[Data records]
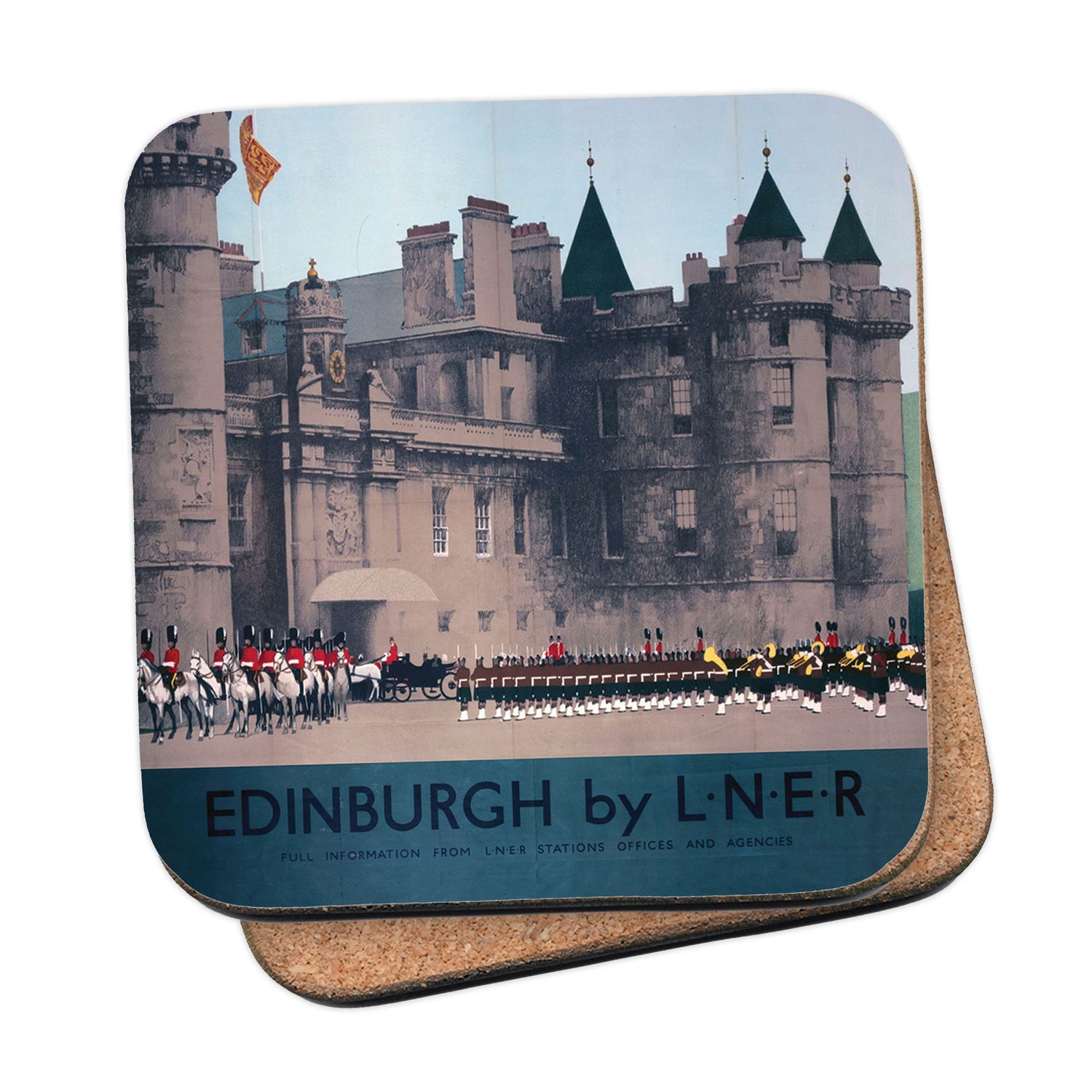 Protect your table surfaces with these durable cork coasters. Beautiful design of The Palace Of Holyroodhouse - Edinburgh by LNER. Perfect for any Railway Posters enthusiast.
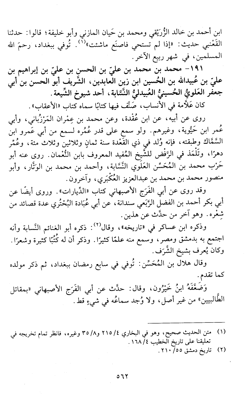 191 - محمد بن محمد بن علي بن الحَسَن بن عليّ بن إبراهيم بن عليّ بن عُبَيْد الله بن الحسين ابن زين العابدين، الشّريف أبو الحسن بن أبي جعفر العلوي الحسيني العبيدلي النَّسَّابَة، [المتوفى: 436 هـ]
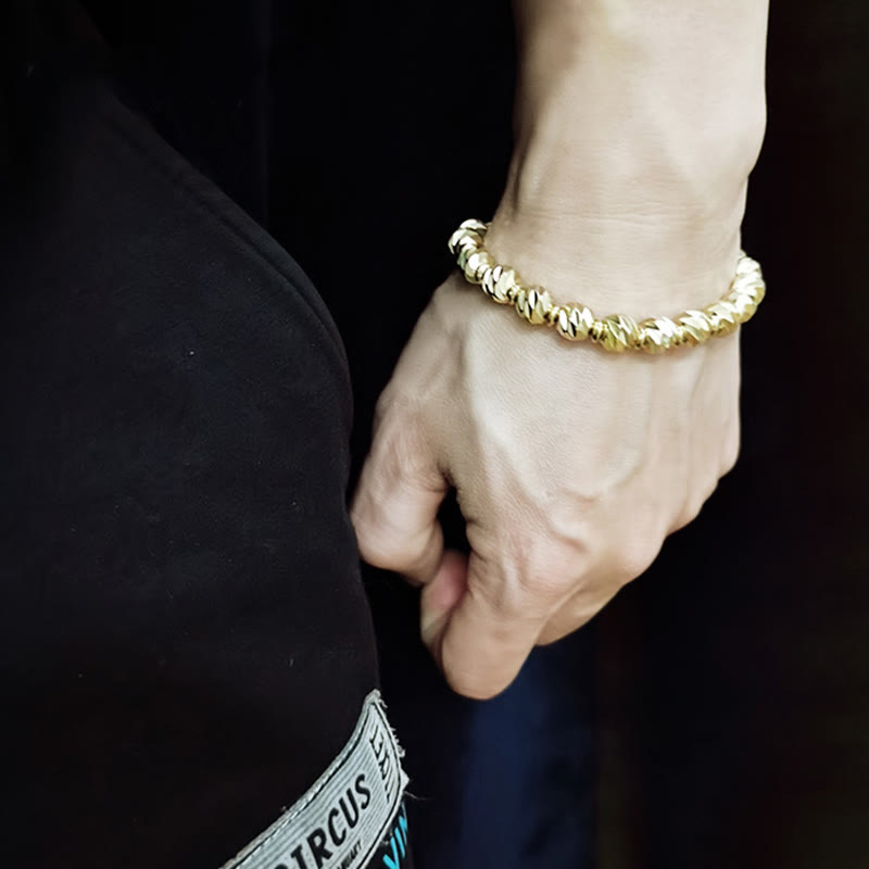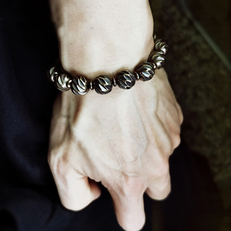 Vintage Distressed Knife Carving Pattern Copper Brass Beads Wealth Bracelet
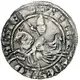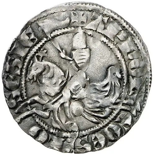 | Obverse description | Mounted knight galloping left, holding banner. Horse`s legs and banner intersect legend |
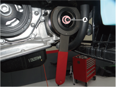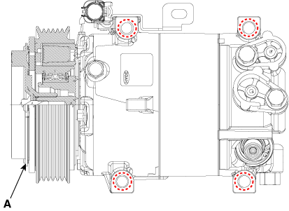 Отсоедините разъем датчика давления кондиционера (А).
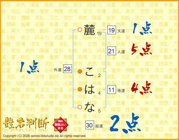 麓こはなさんの総運は30画の2点!
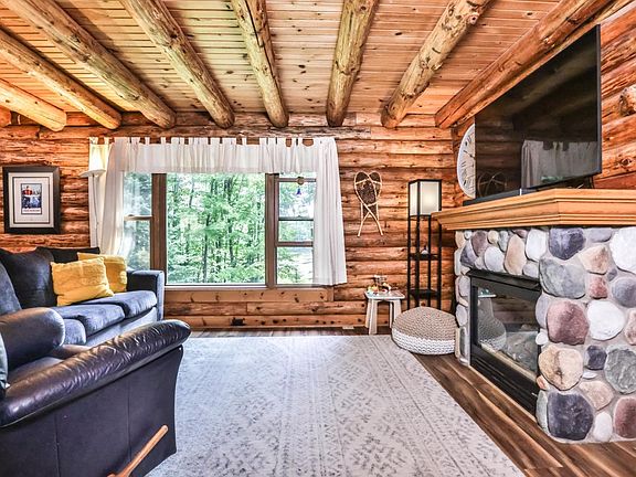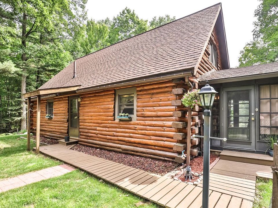 LITTLE MUSKIE LAKE: Full Log charmer for the essence of the "Up North" life! Cozy and "right sized" home or cottage is a delight, with log and knotty pine décor, stone fireplace (gas fired!), a country-inspired kitchen, beautiful wilderness lake views...well, the list is very long! Main level open concept living with owners bedroom, shower bath and laundry. Upstairs, two large guest rooms - skylights - another full bath, and a sunny staircase landing give options for family, friends, and your treasures. Really private setting on full rec lake on the edge of all area conveniences. The frontage is marshy, and not swimming style, but with some effort, you can get a canoe / kayak to the main lake. And the views of "your side" of the lake are fresh and beautiful. The package rounds off w a full unfinished basement, oversize almost-3 car garage, blacktop drive, excellent screen porch w Florida style windows, campfire circle...well, it's pretty perfect and at this price, better see it now!
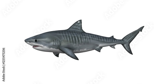 Fototapeta premium Powerful Tiger Shark Swimming Ocean Predator Marine Wildlife Aquatic Animal Illustration
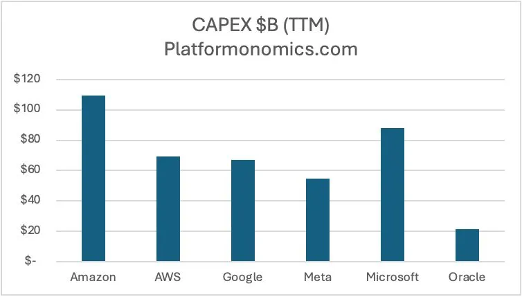 Bar chart comparing CAPEX spending in billions of dollars for Amazon, AWS, Google, Meta, Microsoft, and Oracle over the last twelve months.
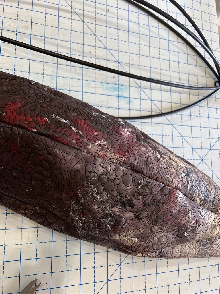 I painted some fabric…actually two layers painted together…to use to cover the armature. I wanted to make sure that after I quilted the cotton, the fabric would not droop when I sewed it together and covered the metal structure. Here it is cut to shape, ready to be quilted.
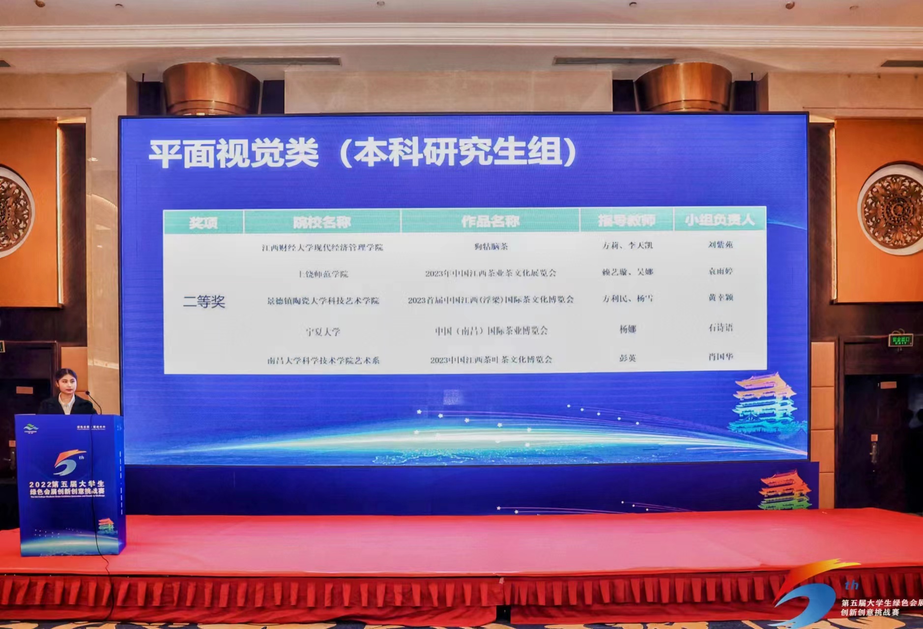 【澳门十大信誉网赌大全新闻中心讯 前沿交叉学院】近日,第五届大学生绿色会展创新创意挑战赛在江西南昌举办。大赛由江西省商务厅和江西省教育厅共同主办、中国会展经济研究会指导,设有六个赛道,全国50多所高校共计120支队伍、500多名选手参加决赛。前沿交叉学院石诗语、尚佳荣、王科乂、崔吉祥、石皓阳组成的学生团队在文化旅游研究中心杨娜老师指导下参加该项比赛,团队以初赛全国第四,总成绩全国第六,斩获平面视觉类赛道全国二等奖,也是本届西北参赛高校中唯一获奖的团队。
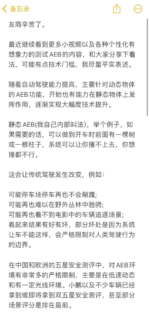 很有意思的是,抛开这次争论,小鹏和问界在怎么提高 AEB 能力这件事情上,想法是非常一致的。
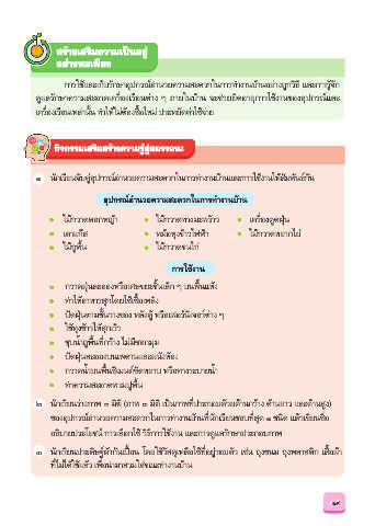 ๑. นักเรียนจับคู่อุปกรณ์อำานวยความสะดวกในการทำางานบ้านและการใช้งานให้สัมพันธ์กัน
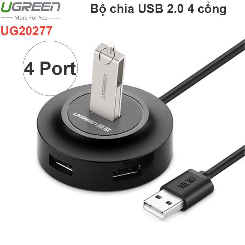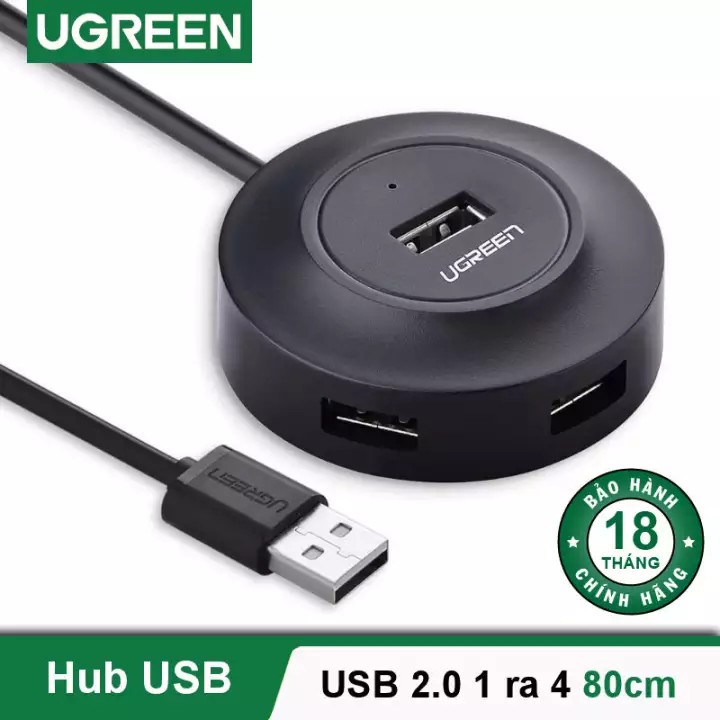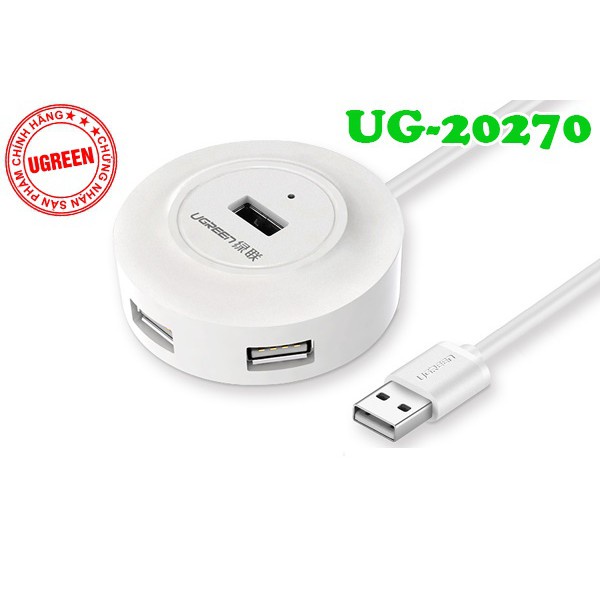 Hub USB 2.0 1 ra 4 cổng Cao cấp Ugreen 20270 20277 Chính hãng CR106 dây 80cm
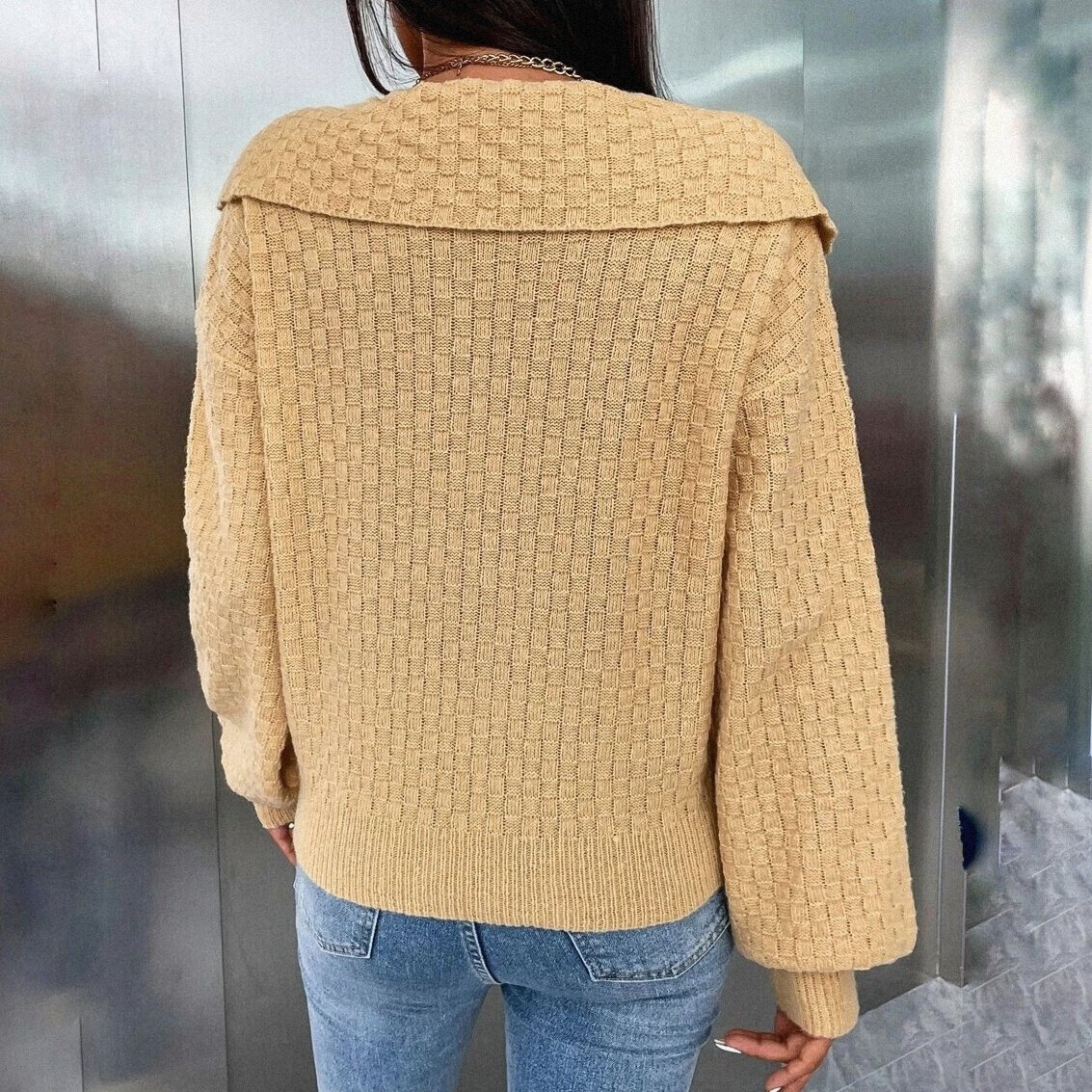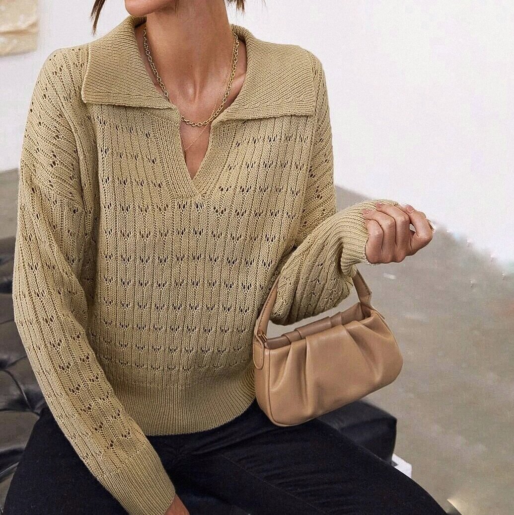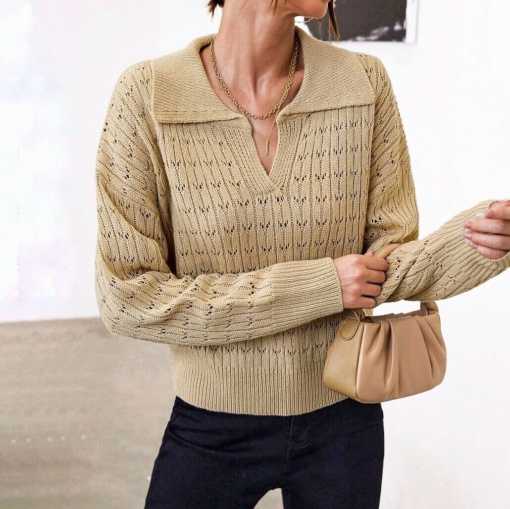 Первая модель — джемпер с цельновязаной планкой и широким отложным воротником. Вязаные модели с воротничками поло сейчас на пике своей актуальности.

◆ Task brief:
Would you output the data above exactly as written, but with no images?

◆ Answer to this task:
 Protect your table surfaces with these durable cork coasters. Beautiful design of The Palace Of Holyroodhouse - Edinburgh by LNER. Perfect for any Railway Posters enthusiast.
 191 - محمد بن محمد بن علي بن الحَسَن بن عليّ بن إبراهيم بن عليّ بن عُبَيْد الله بن الحسين ابن زين العابدين، الشّريف أبو الحسن بن أبي جعفر العلوي الحسيني العبيدلي النَّسَّابَة، [المتوفى: 436 هـ]
 Vintage Distressed Knife Carving Pattern Copper Brass Beads Wealth Bracelet
 | Obverse description | Mounted knight galloping left, holding banner. Horse`s legs and banner intersect legend |
 Отсоедините разъем датчика давления кондиционера (А).
 麓こはなさんの総運は30画の2点!
 LITTLE MUSKIE LAKE: Full Log charmer for the essence of the "Up North" life! Cozy and "right sized" home or cottage is a delight, with log and knotty pine décor, stone fireplace (gas fired!), a country-inspired kitchen, beautiful wilderness lake views...well, the list is very long! Main level open concept living with owners bedroom, shower bath and laundry. Upstairs, two large guest rooms - skylights - another full bath, and a sunny staircase landing give options for family, friends, and your treasures. Really private setting on full rec lake on the edge of all area conveniences. The frontage is marshy, and not swimming style, but with some effort, you can get a canoe / kayak to the main lake. And the views of "your side" of the lake are fresh and beautiful. The package rounds off w a full unfinished basement, oversize almost-3 car garage, blacktop drive, excellent screen porch w Florida style windows, campfire circle...well, it's pretty perfect and at this price, better see it now!
 Fototapeta premium Powerful Tiger Shark Swimming Ocean Predator Marine Wildlife Aquatic Animal Illustration
 Bar chart comparing CAPEX spending in billions of dollars for Amazon, AWS, Google, Meta, Microsoft, and Oracle over the last twelve months.
 I painted some fabric…actually two layers painted together…to use to cover the armature. I wanted to make sure that after I quilted the cotton, the fabric would not droop when I sewed it together and covered the metal structure. Here it is cut to shape, ready to be quilted.
 【澳门十大信誉网赌大全新闻中心讯 前沿交叉学院】近日,第五届大学生绿色会展创新创意挑战赛在江西南昌举办。大赛由江西省商务厅和江西省教育厅共同主办、中国会展经济研究会指导,设有六个赛道,全国50多所高校共计120支队伍、500多名选手参加决赛。前沿交叉学院石诗语、尚佳荣、王科乂、崔吉祥、石皓阳组成的学生团队在文化旅游研究中心杨娜老师指导下参加该项比赛,团队以初赛全国第四,总成绩全国第六,斩获平面视觉类赛道全国二等奖,也是本届西北参赛高校中唯一获奖的团队。
 很有意思的是,抛开这次争论,小鹏和问界在怎么提高 AEB 能力这件事情上,想法是非常一致的。
 ๑. นักเรียนจับคู่อุปกรณ์อำานวยความสะดวกในการทำางานบ้านและการใช้งานให้สัมพันธ์กัน
 Hub USB 2.0 1 ra 4 cổng Cao cấp Ugreen 20270 20277 Chính hãng CR106 dây 80cm
 Первая модель — джемпер с цельновязаной планкой и широким отложным воротником. Вязаные модели с воротничками поло сейчас на пике своей актуальности.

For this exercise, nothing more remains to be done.